AIM OF THE EXERCISE
Print, word for word, every line from the beginning of the listing up to and including the line with "本系统是是竞价排序指标,早盘9.25分使用,对全部A股排序,信号全天不变!". Pictures are to be excluded.

DATA SHOWN
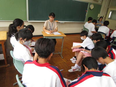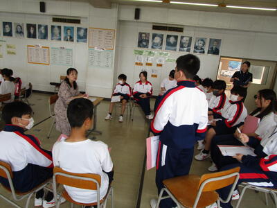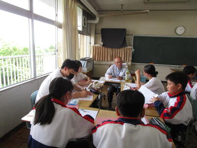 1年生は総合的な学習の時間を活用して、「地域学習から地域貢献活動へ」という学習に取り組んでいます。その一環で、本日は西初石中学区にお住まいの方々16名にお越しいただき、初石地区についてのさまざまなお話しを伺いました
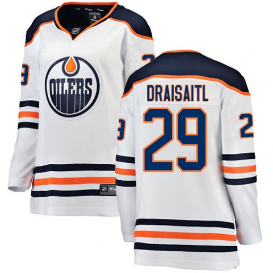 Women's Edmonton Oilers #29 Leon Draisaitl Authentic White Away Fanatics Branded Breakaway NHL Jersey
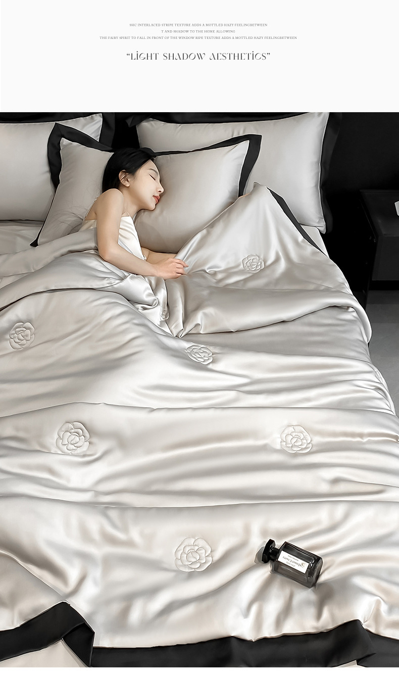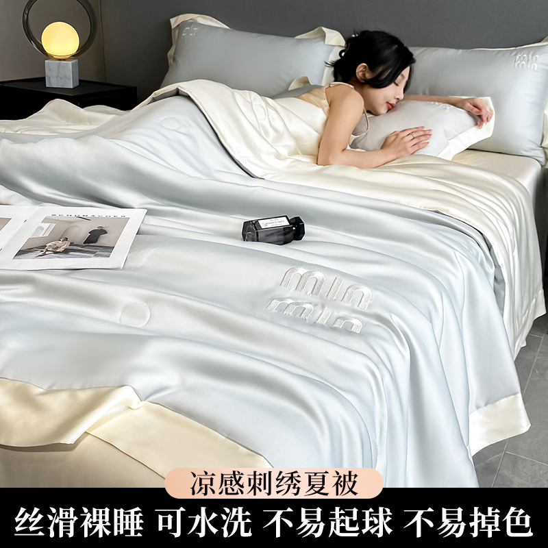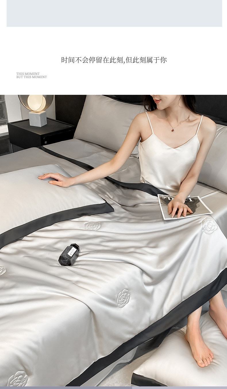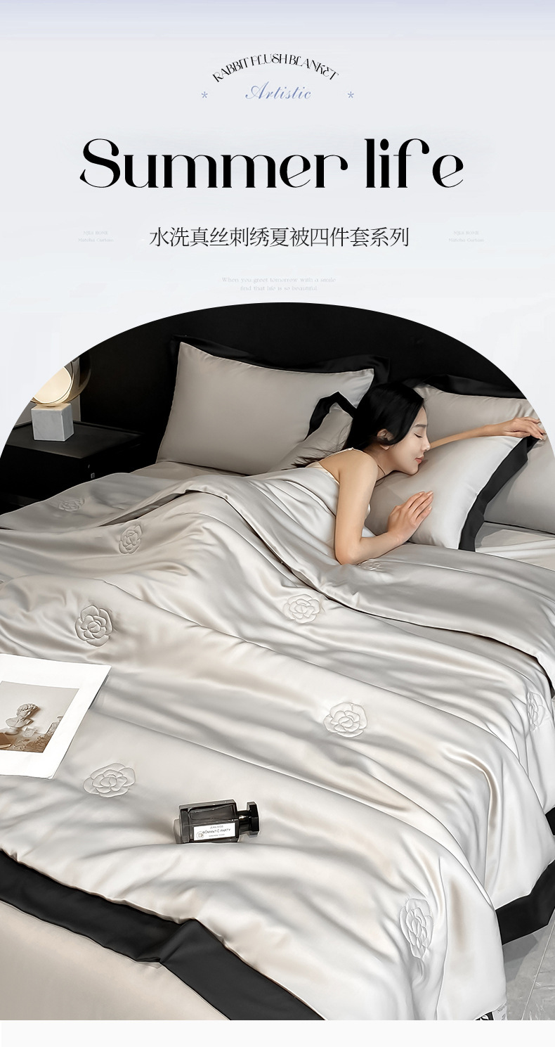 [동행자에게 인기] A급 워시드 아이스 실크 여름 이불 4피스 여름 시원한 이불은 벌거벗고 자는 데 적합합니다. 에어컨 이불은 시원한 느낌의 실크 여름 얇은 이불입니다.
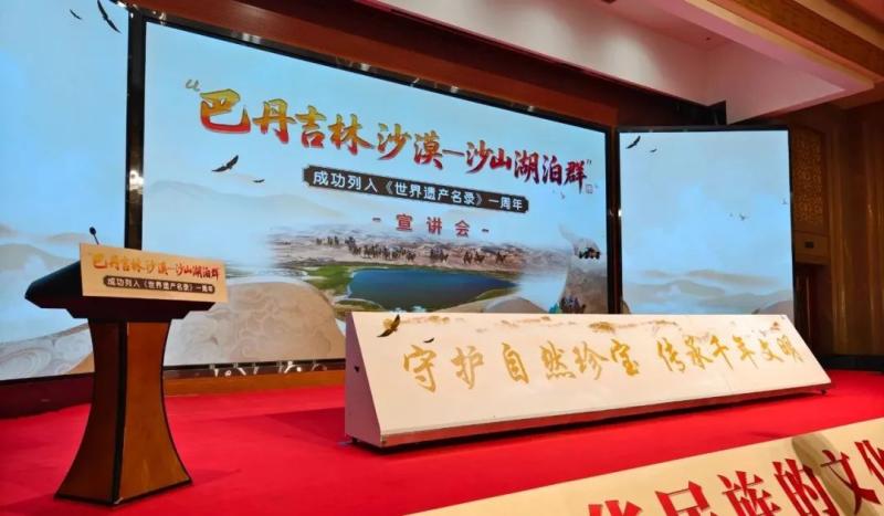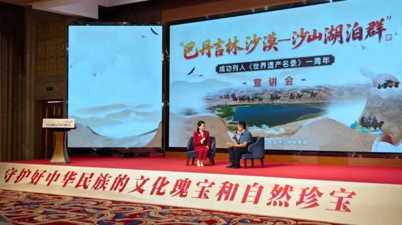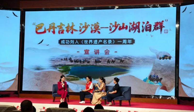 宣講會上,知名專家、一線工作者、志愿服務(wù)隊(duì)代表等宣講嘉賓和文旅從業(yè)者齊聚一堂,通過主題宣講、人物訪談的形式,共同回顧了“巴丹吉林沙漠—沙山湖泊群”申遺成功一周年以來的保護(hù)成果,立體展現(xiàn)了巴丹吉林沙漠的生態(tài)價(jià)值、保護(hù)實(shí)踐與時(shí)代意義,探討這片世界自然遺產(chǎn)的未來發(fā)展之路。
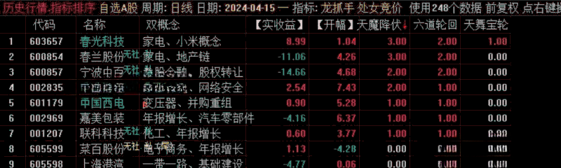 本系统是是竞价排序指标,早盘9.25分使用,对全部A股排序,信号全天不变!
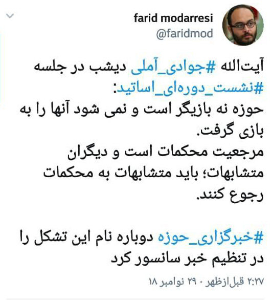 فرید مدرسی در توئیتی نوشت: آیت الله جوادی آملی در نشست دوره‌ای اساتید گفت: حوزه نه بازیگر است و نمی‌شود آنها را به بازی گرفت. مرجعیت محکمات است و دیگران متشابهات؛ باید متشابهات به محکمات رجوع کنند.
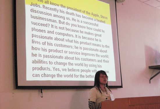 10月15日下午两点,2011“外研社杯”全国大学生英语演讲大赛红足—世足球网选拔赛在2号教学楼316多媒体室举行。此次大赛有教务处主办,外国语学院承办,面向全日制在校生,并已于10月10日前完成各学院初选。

OUTPUT OF THE TASK
 1年生は総合的な学習の時間を活用して、「地域学習から地域貢献活動へ」という学習に取り組んでいます。その一環で、本日は西初石中学区にお住まいの方々16名にお越しいただき、初石地区についてのさまざまなお話しを伺いました
 Women's Edmonton Oilers #29 Leon Draisaitl Authentic White Away Fanatics Branded Breakaway NHL Jersey
 [동행자에게 인기] A급 워시드 아이스 실크 여름 이불 4피스 여름 시원한 이불은 벌거벗고 자는 데 적합합니다. 에어컨 이불은 시원한 느낌의 실크 여름 얇은 이불입니다.
 宣講會上,知名專家、一線工作者、志愿服務(wù)隊(duì)代表等宣講嘉賓和文旅從業(yè)者齊聚一堂,通過主題宣講、人物訪談的形式,共同回顧了“巴丹吉林沙漠—沙山湖泊群”申遺成功一周年以來的保護(hù)成果,立體展現(xiàn)了巴丹吉林沙漠的生態(tài)價(jià)值、保護(hù)實(shí)踐與時(shí)代意義,探討這片世界自然遺產(chǎn)的未來發(fā)展之路。
 本系统是是竞价排序指标,早盘9.25分使用,对全部A股排序,信号全天不变!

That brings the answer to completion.